Calling a Mulligan

Posted: October 11, 2016 in Uncategorized

Ephesians 2:8-9

For by grace you have been saved through faith. And this is not your own doing; it is the gift of God, not a result of works, so that no one may boast.

I am not looking for any verbal hand-outs. As I write this I know that several of you who love me, as you read this, will start loading up the shopping cart with a healthy dose of encouragement, looking for a way to deliver it to me.

I appreciate that so very much, but it’s not necessary this time.

 

I don’t play Golf, but when I do, I need a lot of mulligans.

If you don’t know, a mulligan is a do-over.

So, say you step up to the first tee and you set the golf ball down on that little piece of wood that will hold your small white dimpled ball off the grass far enough so your shot will scoop as little turf as possible when sending the ball sailing through the air towards the flag in the distance, but, upon swinging your club, you lean into the swing and end up slicing the edge of the ball and digging twelve inches of dirt and sod up, sending the ball careening off into the nearby duck pond, possibly killing a feathered friend.

At that point, I like to say, “I’m calling a mulligan!”

When one calls for a mulligan, one hopes no one saw the horrible hack one previously took at the ball.  If the game is going to be played, the mulligan is taken and the game is continued, not ended.

This past Sunday’s sermon left me calling a mulligan. It was horrible. No, seriously.  Honestly, it happens, once in a while. I have been trying to figure out what happened. Why had my brain frozen up halfway through the message, followed by a core melt-down?  I think I said something, someone got up, a baby cried, a siren went off, I felt the hole in my sock, I wondered if I said something that offended or was theologically incorrect and as I continued talking with my mouth, my mind went into its own slightly psychotic conversation with itself and a guy named Burt, trying to assess if I was speaking any sense or theological truth and whether or not Dietrich Bonhoeffer would agree or if Joe Chambers would tell me in his sultry voice, “Soul Care.” And the words that came out of my mouth echoed around in the hollow space somewhere inside my head. Was I still speaking and if so, why wasn’t I stopping? Someone, press “Pause.”

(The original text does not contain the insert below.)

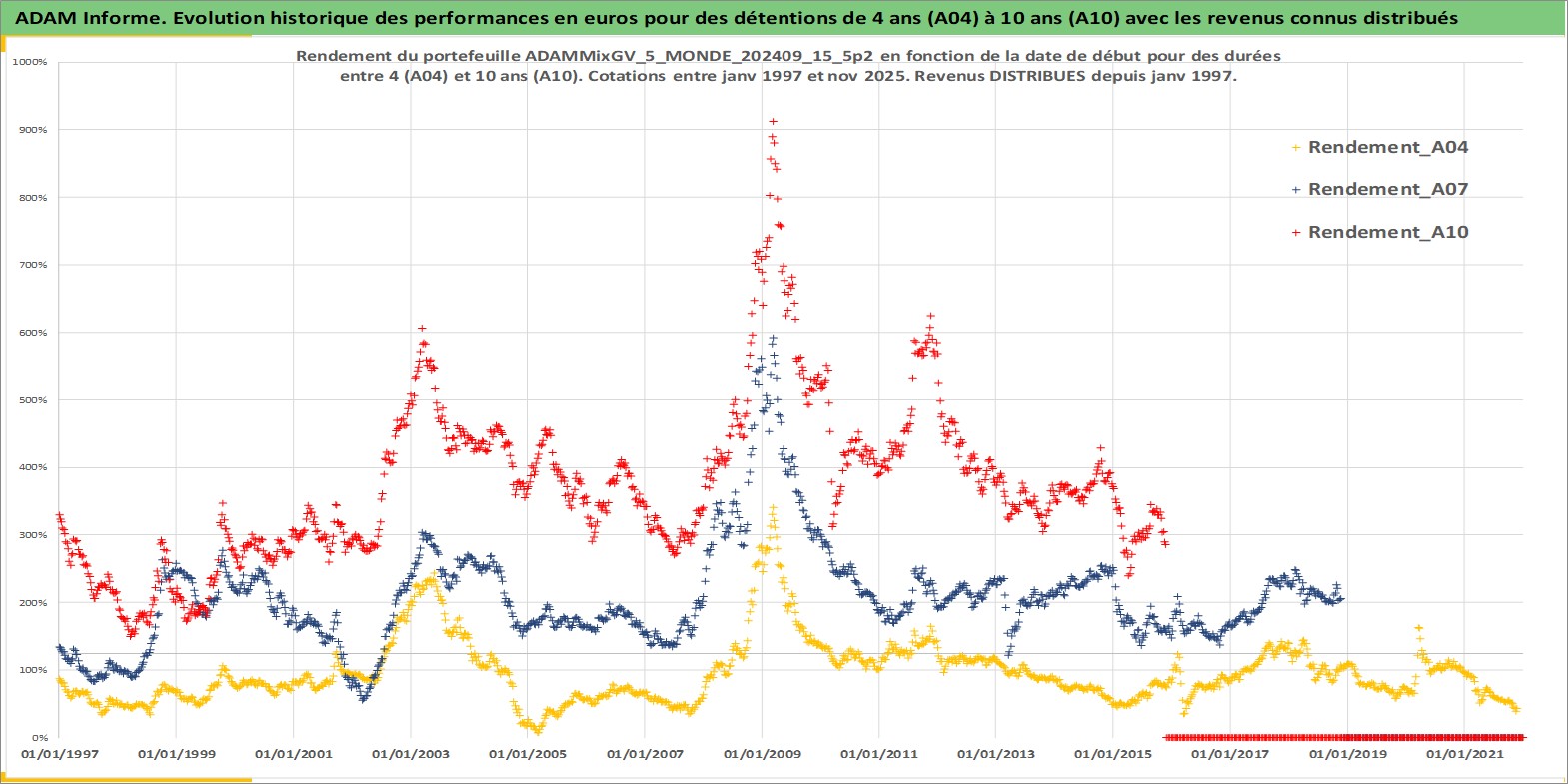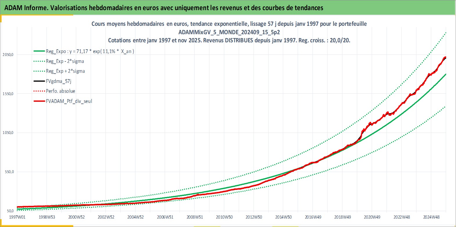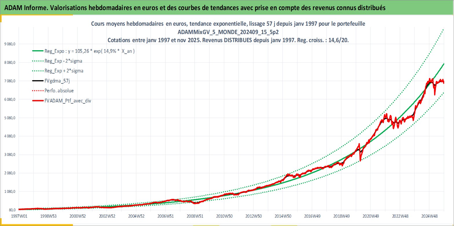 Site dédié aux investisseursPage dédiée sur site financeAnalyse des valorisations hebdomadaires du portefeuille ADAMMixGV_5_MONDE_202409_15_5p2_34actifs avec un profil P6_PurActions. Ce portefeuille est cote en EUR. Les valorisations couvrent les semaines 1997W01 a 2025W48. Les revenus de cet actif financier sont pris en compte depuis la semaine 1997W01. La note globale ESG de cet actif est estimee a 12.1 (apres rebasage entre 0 et 20).

For those of you who don’t preach every week, I’ll let you into the inner circle. It’s not really that easy.  I remember my thoughts as a young man in my twenties, sitting in church listening to my pastor and in my ignorant arrogance saying to myself, “I could do that, and probably better.”  And, then I would get a chance to preach, once a year. And every time I would knock it out of the park with a great message that would encourage, exhort and equip people. Afterwards, people would come up telling me how much they were moved and encouraged to live life for God in a new way. I was the man, and preaching was the plan! I was going to change the world one sermon at a time.

Then I grew up. And reality slapped me in the face.

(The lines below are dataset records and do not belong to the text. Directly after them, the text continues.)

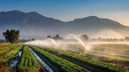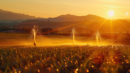 Automated irrigation system watering a field of crops at sunset, creating a picturesque scene of agricultural efficiency and natural beauty with mountains in the distance
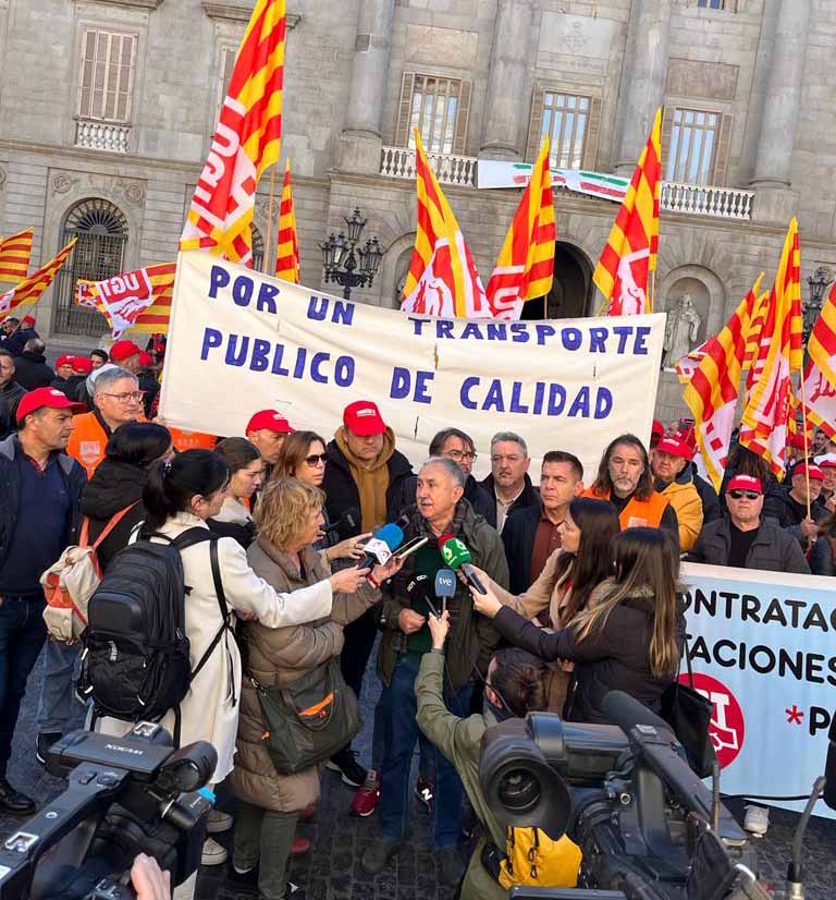 Una concentración de los trabajadoras/es de las empresas de transporte de pasajeros de la Área Metropolitana de Barcelona, que reclaman que los concursos públicos de sus servicios no cercenen derechos ni condiciones laborales a las plantillas, que acaban repercutiendo al servicio público.
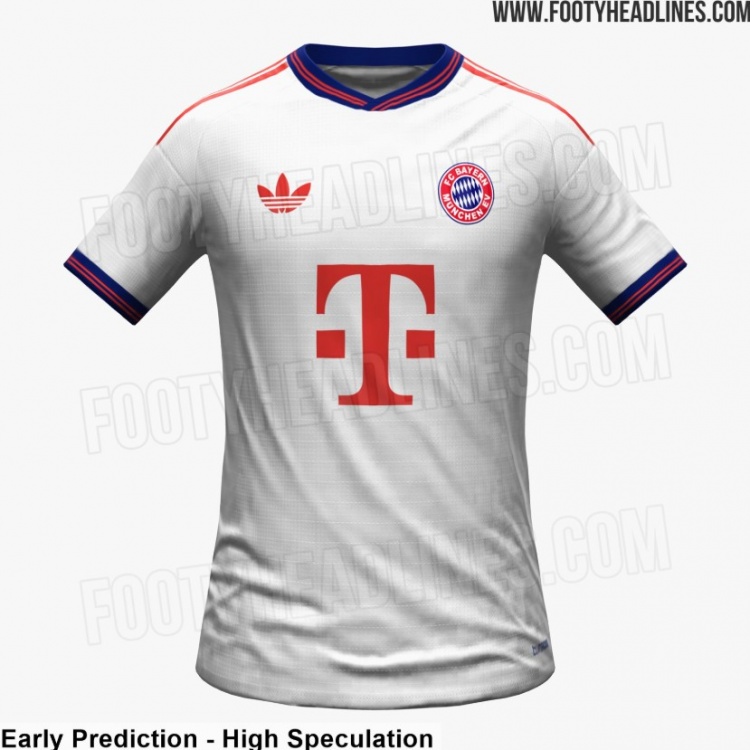 外媒显露拜仁26/27赛季客场球衣:白色主颜色,EV队徽回来
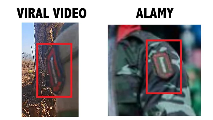 We also found an image of the Karen soldiers on an image stock website, Alamy, and the insignia from the viral video matched with the one seen here.

When a person becomes a speaking pastor, he preaches every week, not once a year. I no longer have eleven months to prepare a sermon. I have to be inspired by the Word, lead by the Spirit, write thoughts and ideas in an orderly manner and deliver it to people who want and need God’s words, not mine, all the while remaining theologically sound.  Every time I approach Sunday, James 3:1 swims through my mind like a deep sea viper fish; “Dear brothers and sisters, not many of you should become teachers in the church, for we who teach will be judged more strictly.”

My pastor friends and I are humans and we have fights with our spouses and parenting problems, we are wrecked with sin issues that plague us like multiple thorns in our flesh, we engage with people of the Church who like or dislike us or are just disgruntled, we have highs and lows and bounce between caffeine shakiness, sugar highs and food-induced comas. We have body and soul identity issues, addictions that haunt us in the night like monsters under the bed and loneliness that tears at our flesh. We often feel an overwhelming amount of guilt over our own sin as we abundantly stack grace on the heads of others. We are burdened by our income, the money we make off the backs of others and question whether or not our time is really that valuable.

The enemy fights hard against those whom God has called to lead his Church, especially those who are standing at the gates of hell trying to get in to rescue one more soul. We know salvation is God’s alone, but he has given that as our burden as well and Satan hates that. A Sunday morning is a conglomeration of a week, a month or year, of a burden, of a sensitive spirit following the Spirit. And frankly, it isn’t always going to go well.

And sometimes we need the grace to be able to call a mulligan.

But…thank God that it is His responsibility to build His Church. If people come and go because of my human-ness, I can’t really keep that from happening. My hope would be, that Epic Life Church would be a church that sees me as a man. Just a man, messed up, but redeemed. Saved by the blood of the Lamb, Justified and being Sanctified, every Sunday. And that we would be the Church together, as we all commit to speaking and sharing the Gospel well.

Ephesians 2:8-9

For by grace you have been saved through faith. And this is not your own doing; it is the gift of God, not a result of works, so that no one may boast.